SkyHigh Mount Dandenong is a restaurant located on top of Mount Dandenong, Victoria, Australia.

Location
The current location of the restaurant was first founded as a survey point in 1861, owing to its height of 633m above sea level.

History
In the 1970s and '80s, the site was an iconic Melbourne attraction, and was well-known to most Melburnians; however, in the early 1990s the site fell into disrepair, and the building began to look aged and dilapidated. What had previously been a large tourist attraction quickly slipped from the minds of Melburnians. This culminated with the site being shut down completely in 1997.
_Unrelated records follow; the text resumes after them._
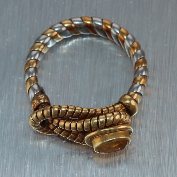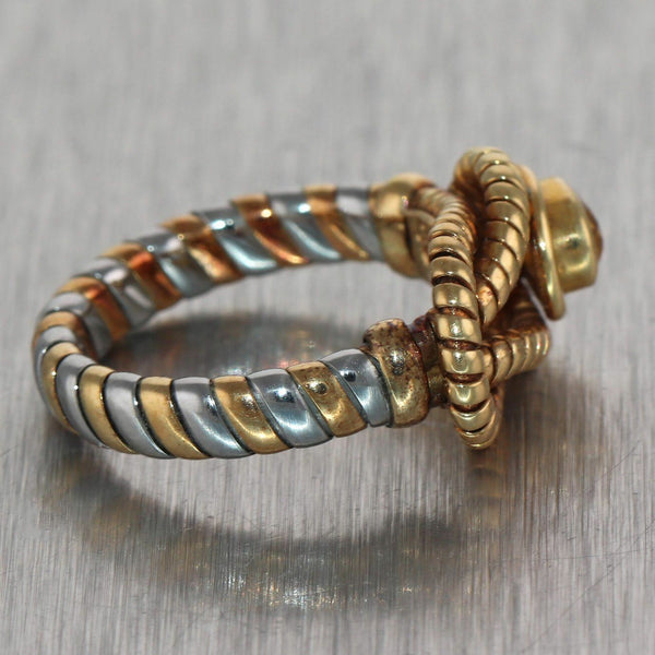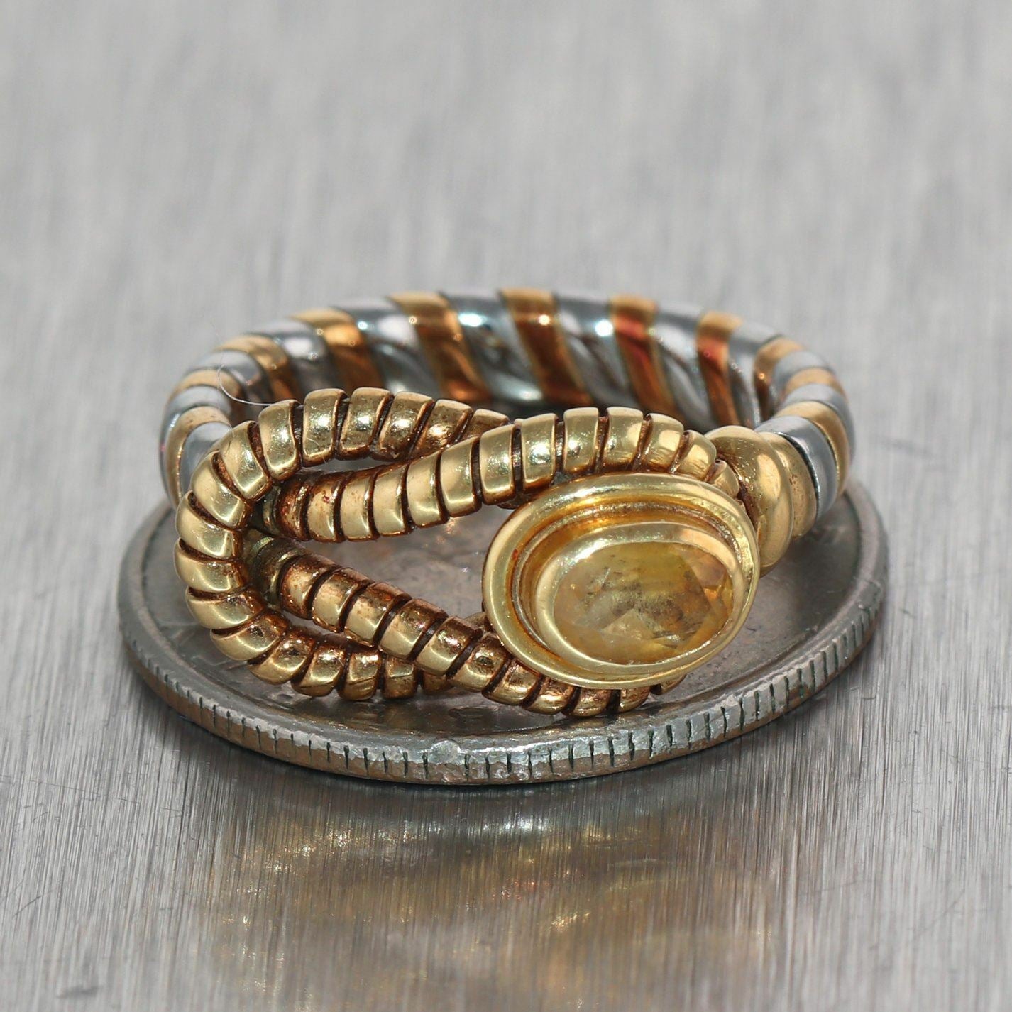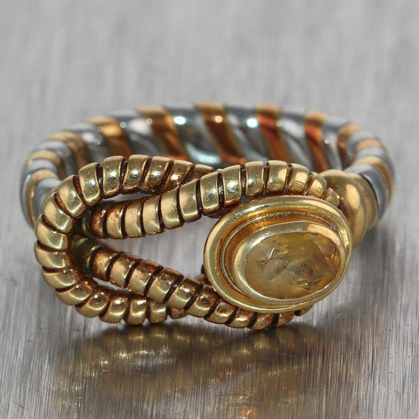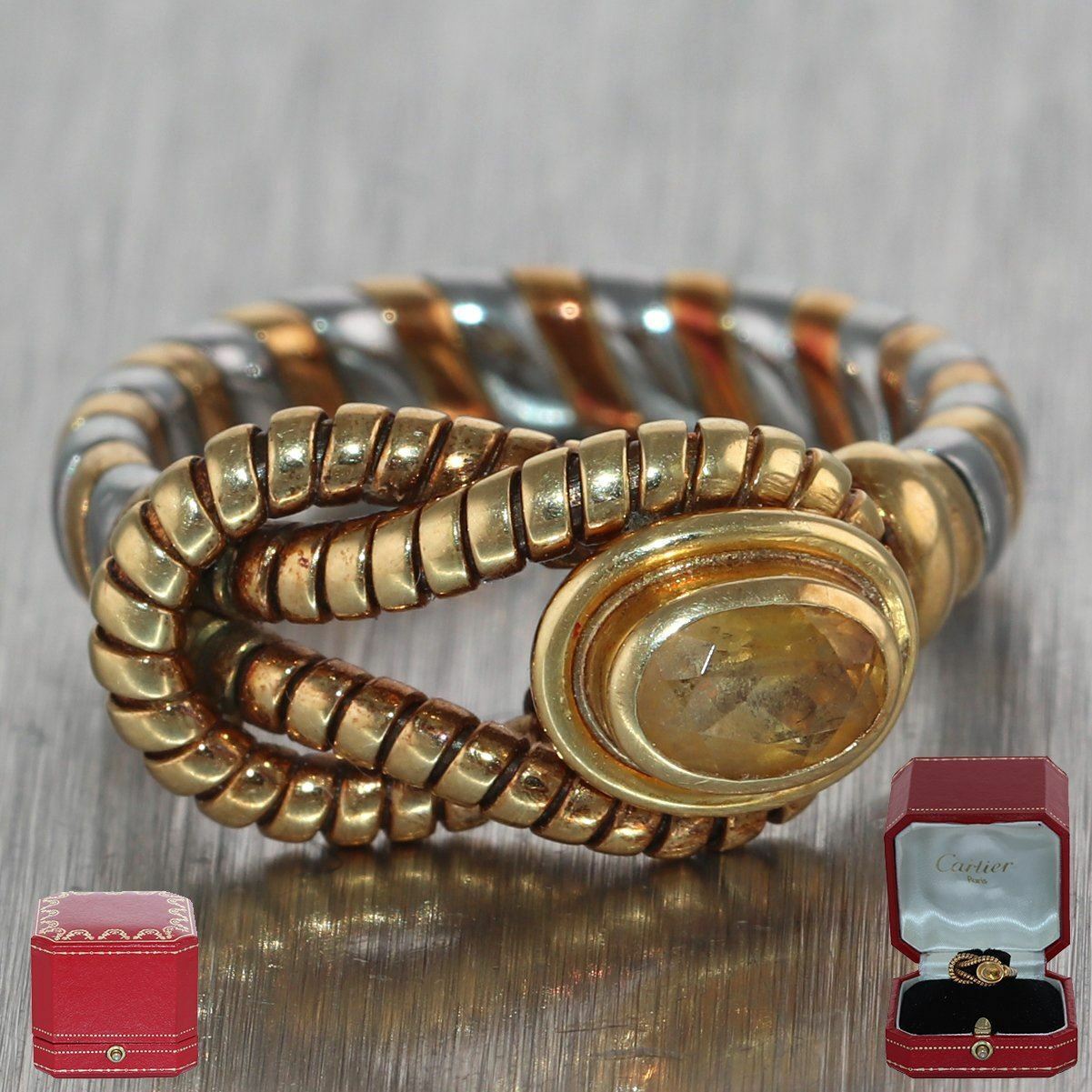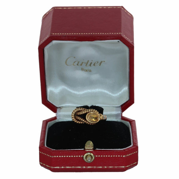 For your consideration, an authentic Cartier 18k Yellow Gold Stainless Steel Hercules Knot Citrine Ring. It will come in a lovely ring box for a perfect presentation and our unconditional 30 day money back return policy. G1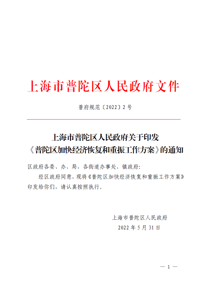 上海市普陀区人民政府关于印发《普陀区加快经济恢复和重振工作方案》的通知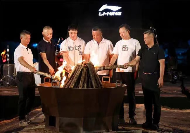 秀場的燈光主要以暖橙色為主,給人營造出一種溫暖的氣氛,在秀場結(jié)束之后,“食肆”開始擺上當(dāng)?shù)靥厣朗撑c美酒,此時(shí)屏幕上展示出李寧公司董事長錄制的簡短的VCR,隨著現(xiàn)場嘉賓共同點(diǎn)燃篝火,演出正式開始。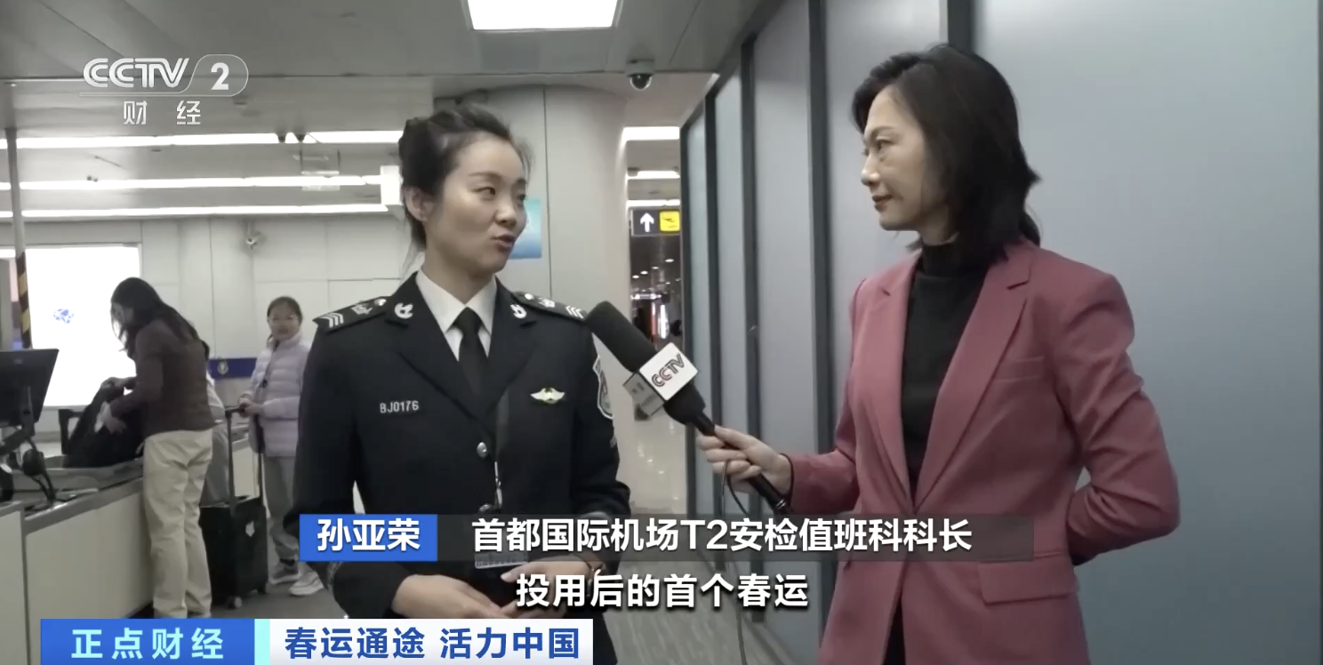 首都国际机场T2安检值班科科长 孙亚荣:今年是智能“易安检”通道投用后的首个春运,通道里各环节查验精准度高,旅客过检效率大幅度提升,在春运的大客流下也缓解了安检员们的工作压力。
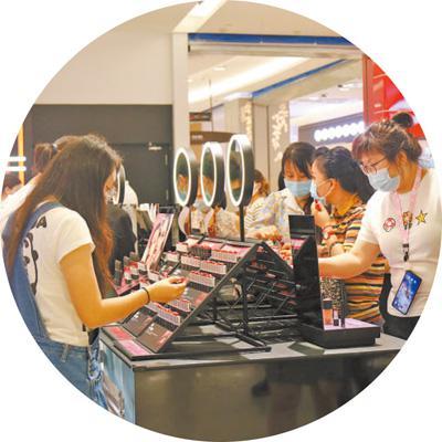 Photo shows tourists looking at goods at a cosmetics counter at a duty-free shop in Hainan. (People's Daily/Wang Xinyue)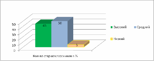 Итак, анализируя таблицу 8, можно сделать следующие выводы, по предпринимательским способностям, высокий уровень наблюдался 45% старшеклассников, средний уровень наблюдался у 50% старшеклассников, низкий уровень у 5% старшеклассников.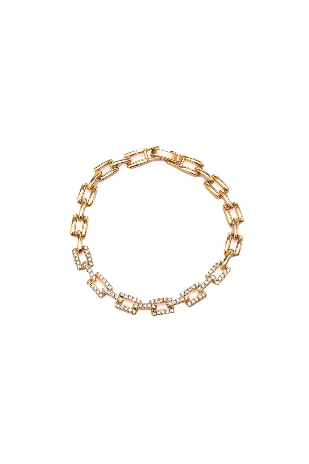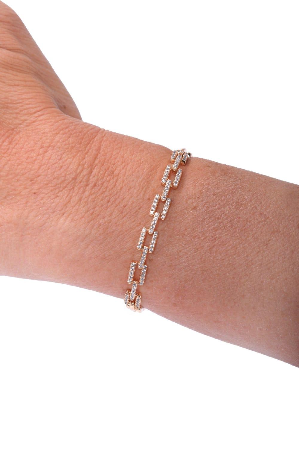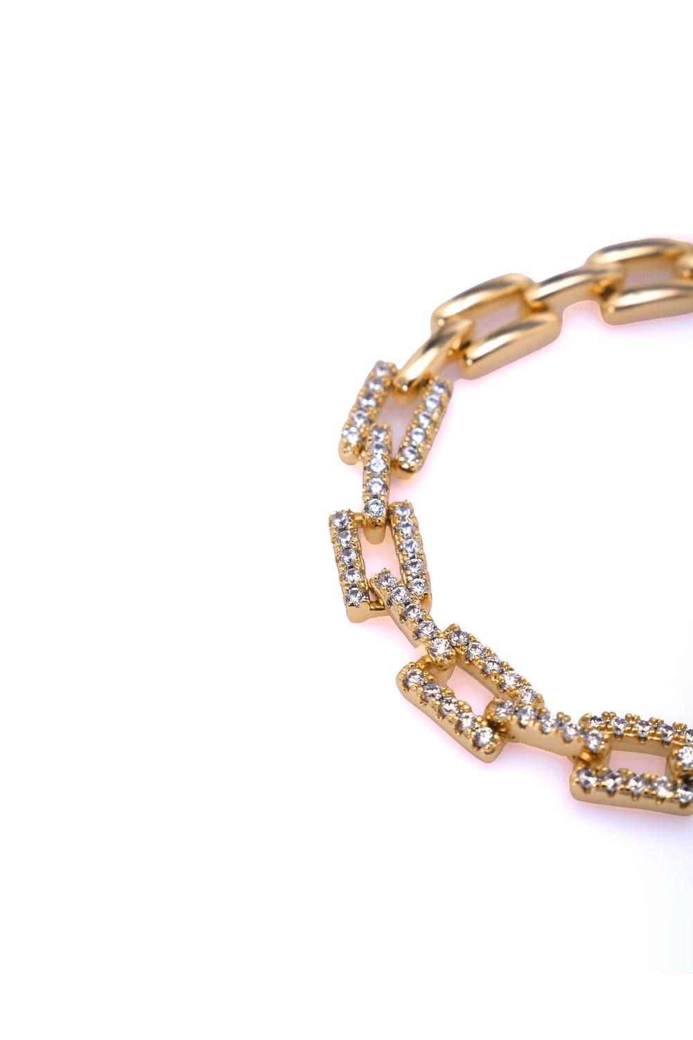 Zincir Bileklik, iç içe geçmiş zincirlerin zarif tasarımıyla oluşturulan ve birinci kalitede zirkon taşları ile süslenmiş özel bir bilekliği temsil ediyor. 18K rodyum kaplama ile mükemmel bir uyum sağlayan bu bileklik, her anı özel kılıyor.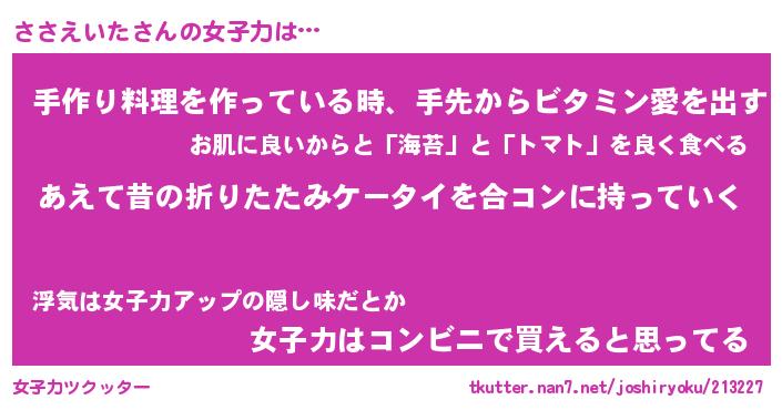 | 恥ずかしいあだ名 | 『プリティーささえいた』『ささっちょ』 |
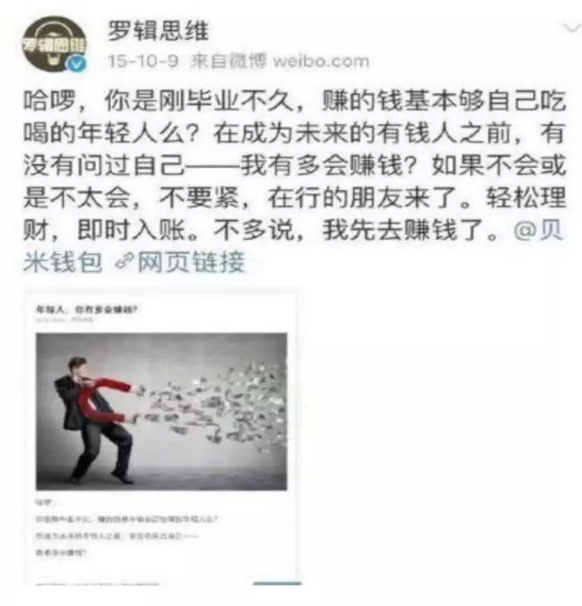 2018年,罗振宇站台的贝米钱包爆雷,导致5.4万人血本无归,这其中也有不少罗振宇的粉丝。因为早在2015年的一期常规节目中,罗振宇和罗辑思维官方微博就亲自为其背书,并且表示自己已经投入了不少资金。巧合的是,除了罗振宇之外,吴晓波也参与了这场P2P的闹剧。贝米钱包爆雷之后,罗振宇方面从此对其闭口不提,并且悄悄删除了为其背书的广告。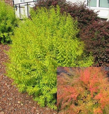 Спирея Тунберга Ogon - Очень декоративный густоветвящийся кустарник высотой и диаметром 90-120 см.Листья изящные, узкие, длиной 4 см и шириной 0,5 см, похожи на листья ивы, золотисто-желтые весной, ярко-зеленые летом и оранжевые осенью.Цветки белые, в зонтиковидных соцветиях, цветение обильное в мае-июне.Эффектный сорт при посадках с темнолиственными растениями и хвойниками. Красиво смотрится в свободно растущих изгородях.

In 2004, a new lease was negotiated with Parks Victoria, the government authority in charge of the land. The restaurant and surrounding gardens were given a $3.5 million facelift, and the site re-opened in December 2004, with the name officially being changed from "Mount Dandenong Observatory" to the current "SkyHigh Mount Dandenong".

The renovations to the site included construction of an upstairs balcony and an enlarged viewing window. Besides work on the building itself, the surrounding land was graded and landscaped, and many new plants added and the hedge maze started.

Attractions
The English Garden has grown significantly since being planted in 2005. It features meandering gravel paths and several wooden arch bridges crossing a man-made stream, constructed as part of the renovations.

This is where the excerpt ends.